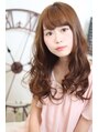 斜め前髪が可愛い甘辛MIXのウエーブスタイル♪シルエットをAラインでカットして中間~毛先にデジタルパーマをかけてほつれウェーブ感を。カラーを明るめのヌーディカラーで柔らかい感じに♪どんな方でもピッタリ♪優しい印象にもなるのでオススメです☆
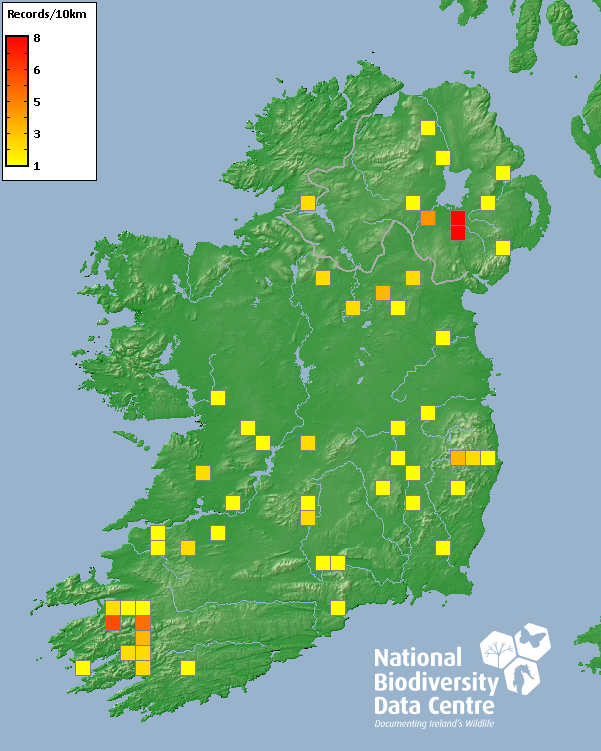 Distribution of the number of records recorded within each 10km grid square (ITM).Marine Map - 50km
—————
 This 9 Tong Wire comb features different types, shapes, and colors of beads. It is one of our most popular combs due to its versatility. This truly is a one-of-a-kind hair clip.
—————
→ WORK REQUEST:
Nothing outside the stretch above, from the line with "斜め前髪が可愛い甘辛MIXの" through the line with "Distribution of the", is set down. Transcribe that stretch exactly, ends included, but not its pictures.

→ SOLUTION TO THE EXERCISE:
 斜め前髪が可愛い甘辛MIXのウエーブスタイル♪シルエットをAラインでカットして中間~毛先にデジタルパーマをかけてほつれウェーブ感を。カラーを明るめのヌーディカラーで柔らかい感じに♪どんな方でもピッタリ♪優しい印象にもなるのでオススメです☆
 Distribution of the number of records recorded within each 10km grid square (ITM).Marine Map - 50km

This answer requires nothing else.